# Need 2" copper pipe



## kiansi (Mar 3, 2004)

Hi all,
I am looking for 1 1/2" and 2" copper pipes, connectors,elbows and so on. The local hardware stores here cant help me.
Any Ideas ?
By the way, it is not for plumbing or construction work, just for an art project.
Thank you


----------



## Teetorbilt (Feb 12, 2004)

Try your local municipality, they have leads to all kinds of stuff. You want to talk to the people in Central Stores.


----------



## abctubes (Mar 9, 2004)

ABC/ markg. / 03-04 / Wednesday, March 03, 2004


Dear Sirs,

Kind Attn: Administration / Purchase – Departments

Sub: Your requirement of our various products

We have immense pleasure to introduce ourselves as one of the leading manufacturers and importers of Copper Tubes in straight length & coil form – Fittings and Ball Valves, Sanitary wares – Bath Cubicles, Shower Panels, Bidets, Taps and Gas Meters – Regulators and accessories – Fluxes, Lead free solder wire, brazing rods, Torches, Insulation Tubes, Bare & coated Aluminium fin stock, Tube Benders, Cutters. 

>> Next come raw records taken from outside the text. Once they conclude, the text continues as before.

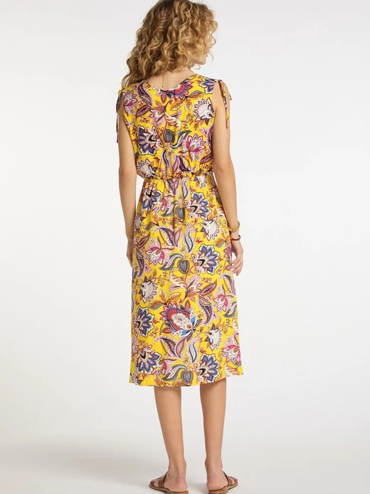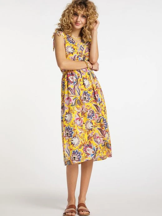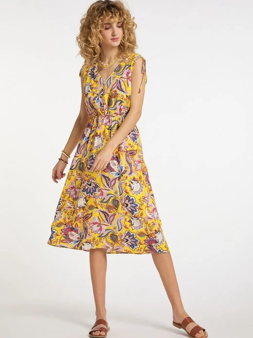 Frische Farben und große Blüten zieren das zeitlose Sommerkleid von usha FESTIVAL. Der ärmellose Schnitt zeigt dabei viel Schwung und die elastische Taille eine feminine Silhouette. Für extra Komfort sorgt ein leichtes Unterkleid. Der tiefe V-Ausschnitt ist mit fünf kleinen, stoffbezogenen Knöpfen verziert. Kleine Akzente machen aus dem Freizeitkleid einen ganz besonderen Style, der zum Picknick, zur Gartenparty oder einfach für einen entspannten Sommertag zu einem idealen Must-have avanciert.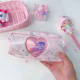 - This sweet pastel pink holographic cosmetic bag is both eye catching and practical!
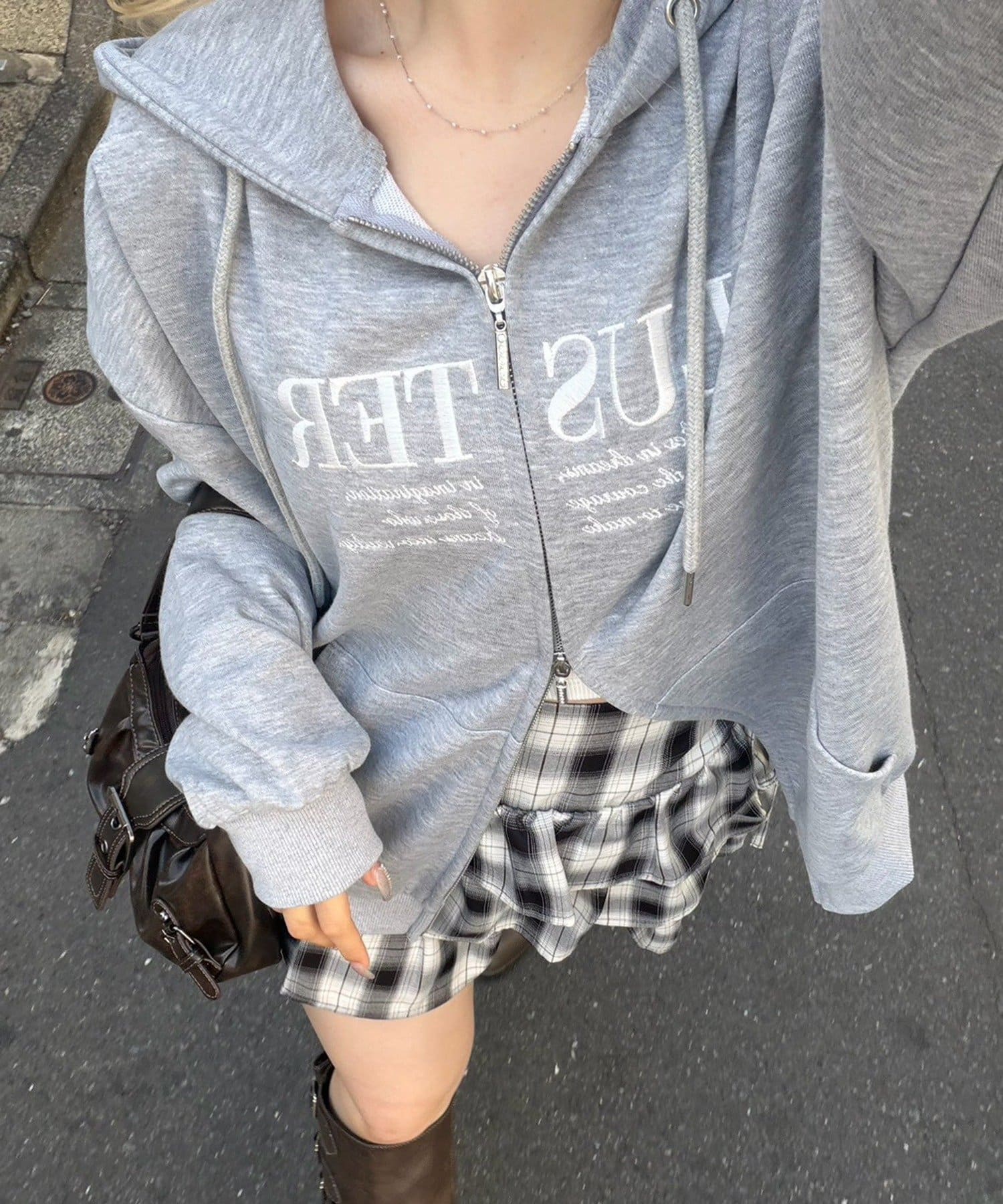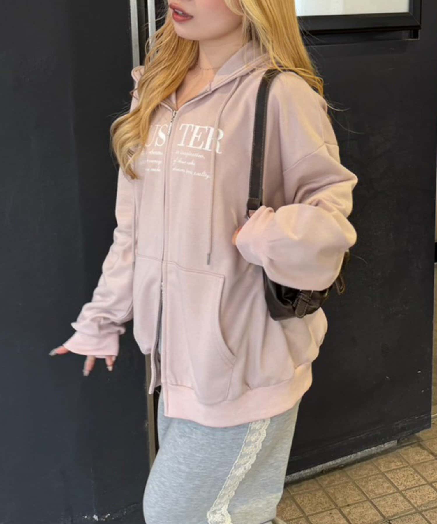 ・フロントのロゴとメッセージが目を引く、カジュアルながらも洗練された印象のパーカー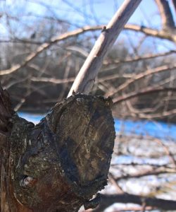 Milyen harcot? Aki látja az ültetvényt, nem hiszi el, hogy még csak most lesz 3 éves. Nagyok a fák, erőteljesek, így sokat kell vágni rajtuk, alakítgatni, s bizony már a fűrész is elő-előkerül a metszésükkor. A sebeket igyekszem lekezelni, amíg van erőm, időm még a legkisebbeket is. Tudom, hogy a régi két forintos a határ, az a fölöttieket ildomos és javasolt is kenegetni, de én az ez alattiakkal is képes vagyok bíbelődni. (Egyébként a kis sebek fertőződésének megakadályozására a közvetlenül a metszések utáni rezes lemosó permetezés is jó lehet.)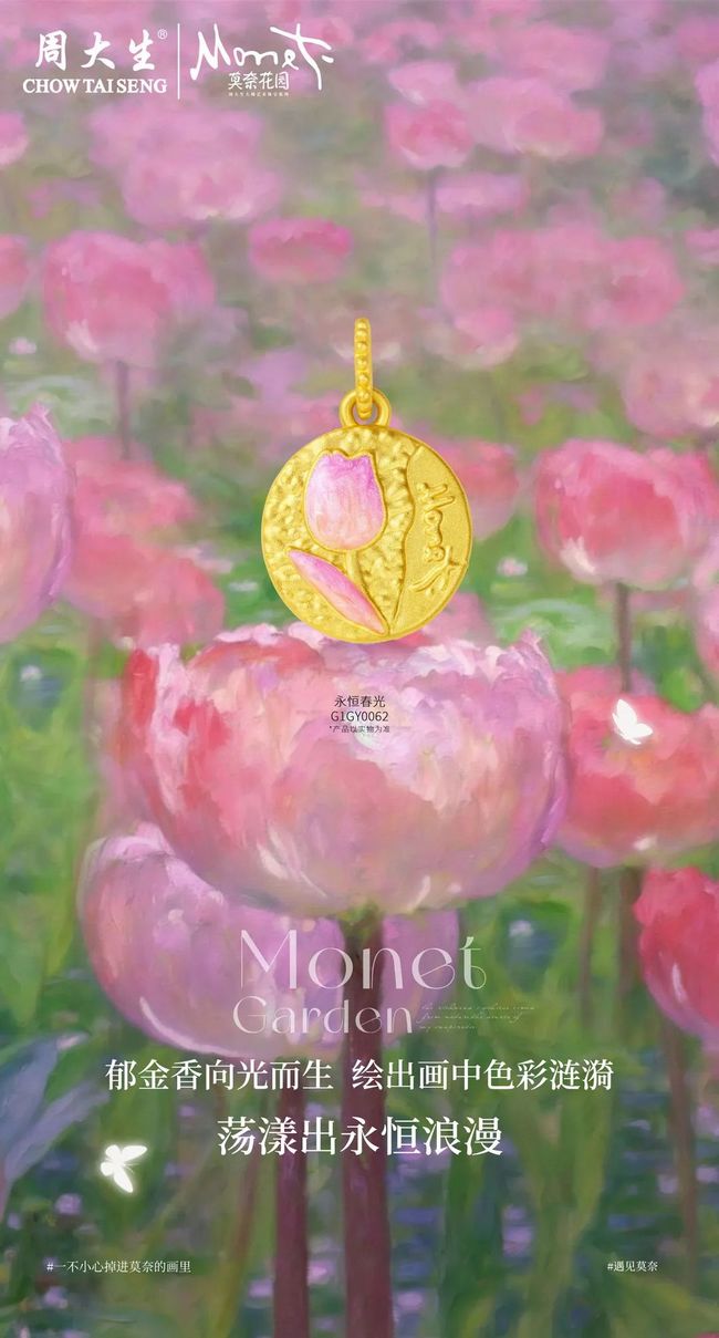 莫奈的浪漫情怀看似寄托在作品里,但追根溯源是在他亲手打造的吉维尼花园中。花园的四时之景不同,但花开无穷也。玫瑰、郁金香等花卉,它们或热烈,或含蓄,或优雅,但唯一不变的则是生机与浪漫。而这一切皆被莫奈的慧眼所捕捉,《吉维尼的艺术家花园》因此惊艳面世。周大生腕美从莫奈名作《吉维尼的艺术家花园》中汲取设计灵感,打造极致梦幻的腕上珠宝美学,引领黄金串珠产品新风尚。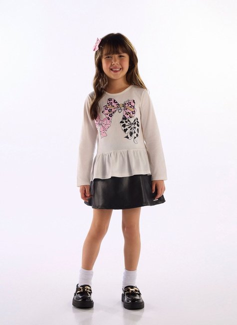 Cheia de charme e conforto, essa bata infantil feminina em meia malha 100% algodão é ideal para os dias mais fresquinhos. Com manga longa, ela conta com estampa frontal de laços e aplicação de strass que adicionam brilho ao visual. O recorte franzido na barra traz um caimento soltinho e super delicado. Perfeita para compor looks casuais com um toque especial!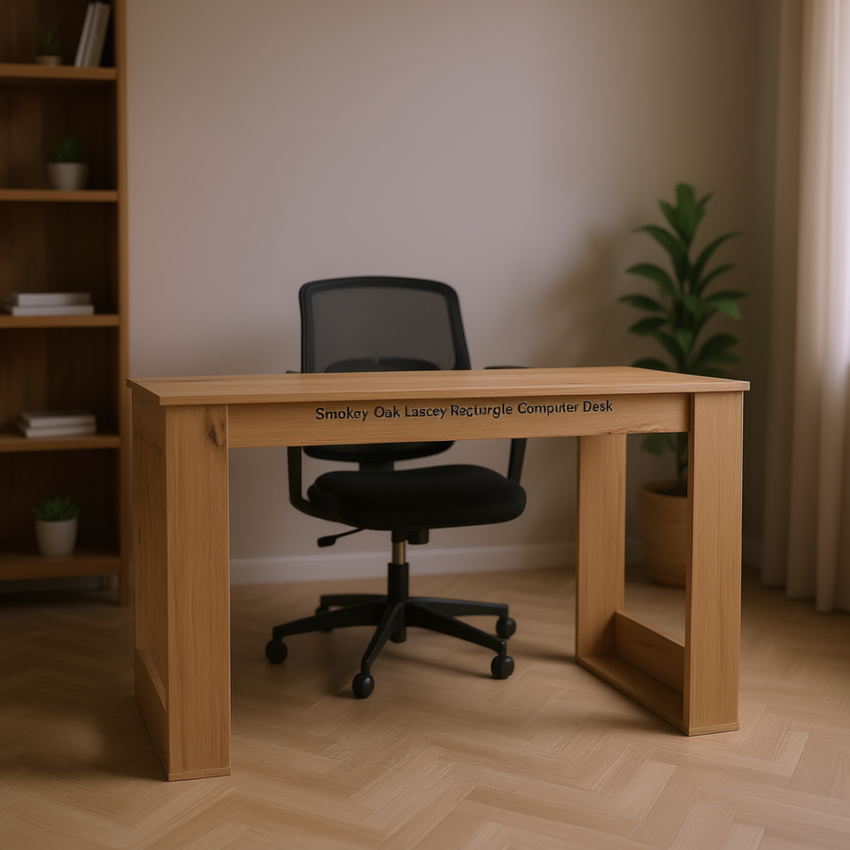 Scrivania rettangolare per computer Smokey Oak Lacey con superficie in legno, mobili per ufficio domestico

Our products are globally sourced from companies like Comap - France, Nibco – USA, Enolgas – Italy, Bugatti – Italy, Mettube – Malaysia, Laco – USA. 

These products are used by various industries like Building and Constructions, Gas Industries, Air – conditioning and Refrigeration, Chemical Plants, Gas Plants, Petroleum Refineries, Ports and Shipyards, Oil coolers, Heat Exchangers. 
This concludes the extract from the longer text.